[Date Prev][Date Next][Thread Prev][Thread Next][Date Index][Thread Index]

Re: [Full-disclosure] Remote Desktop Command Fixation Attacks

On Thu, 11 Oct 2007, pdp (architect) wrote:

Thor, with no disrespect but you are wrong. Security in depth does not
work and I am not planning to support my argument in any way. This is
just my personal humble opinion. I've seen only failure of the
principles you mentioned. Security in depth works only in a perfect
world. The truth is that you cannot implement true security mainly
because you will hit on the accessibility side. It is all about
achieving the balance between security and accessibility. Moreover,
you cannot implement security in depth mainly because you cannot
predict the future. Therefore, you don't know what kinds of attack
will surface next.

Security is not a destination, it is a process. Security in depth
sounds like a destination to me.

The reason for security in depth is precisely because no security controls are foolproof. The point isn't to make a system completely unbreakable, but to raise the bar for what is required in order to extend their access beyond what they already control.

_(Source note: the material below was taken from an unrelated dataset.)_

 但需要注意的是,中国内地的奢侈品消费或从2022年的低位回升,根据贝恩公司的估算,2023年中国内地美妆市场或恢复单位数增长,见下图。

Lets take a webserver as an example.

Your webserver only requires ports 80 and 443 listening to the world, so you deploy a firewall in front of it restricting access to just those ports.

A default install of the OS may enable a few other processes bound to remote ports like a mail server, portmap, etc. These processes aren't needed on this particular system. The firewall blocks access to them, but firewalls aren't perfect. The attacker may have found a way to get behind it. So you turn off those unneeded services.

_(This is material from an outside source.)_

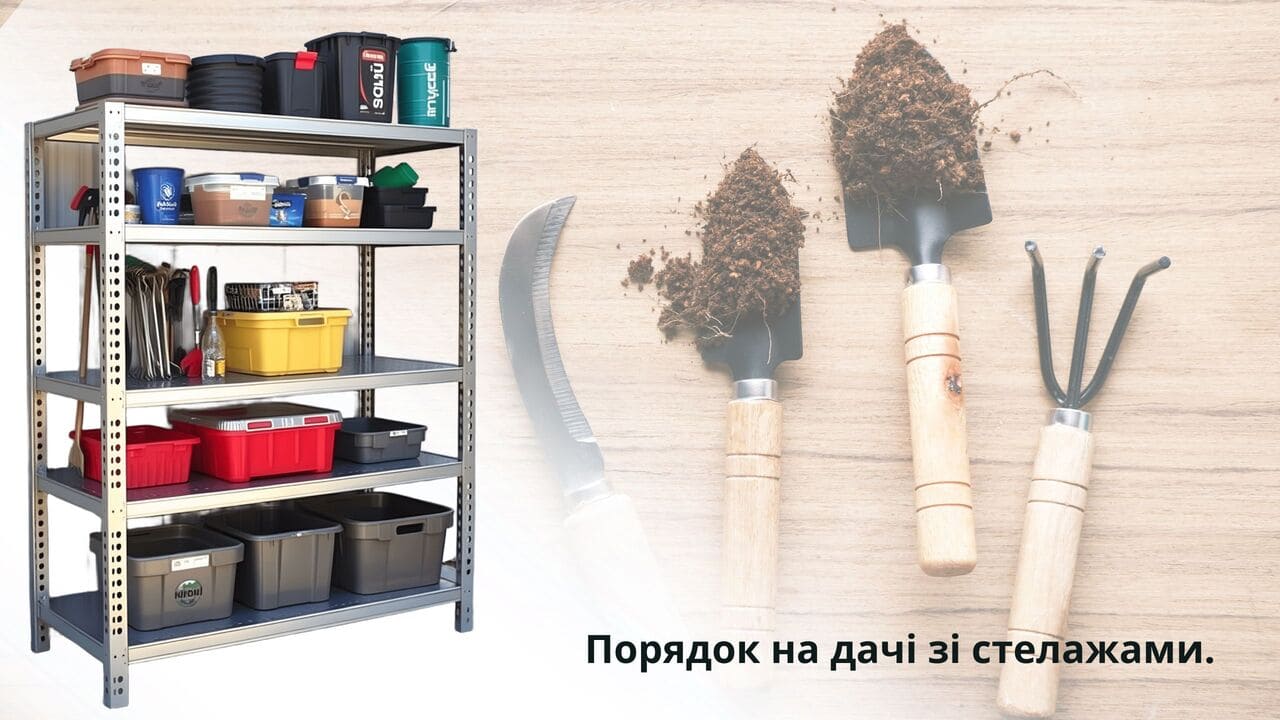 Почніть із простого: розділіть зони. Окрема полиця для інструментів, інша для добрив, окрема для банок чи посуду. Так ви не тільки знайдете все швидше, а й уникнете неприємних запахів, якщо щось просиплеться чи прольється.

Being a webserver, its running a number of web applications. Since you don't want to place more trust in those applications than you have to, you chroot apache and have it run as a non-privledged user. Hopefully this will contain a successful compromise.

But still, the attacker may break out of the chroot, so you make sure that you remove setuid applications or at least keep them up to date with the latest security updates. You do your best to keep them from becoming root. But even that may fail.

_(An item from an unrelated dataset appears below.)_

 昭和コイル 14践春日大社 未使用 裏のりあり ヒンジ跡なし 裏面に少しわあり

Assuming all else has failed, this system is completely owned. But you have other systems with even more sensitive information. So you architect your network such that this webserver does not have more network prilvedges than it needs. You filter outbound network connections to hopefully block a good portion of botnet command and control functions. You block access from this webserver to other systems unless they have a need to talk to them. You implement application level firewalls between it and services that it does need to talk to.

THIS is defence is depth. Its not about perfect security. Its about containing breaches. Its about blocking unnecessary risks. Its about making sure that a small mistake that you make does not hand over the keys to the kingdom.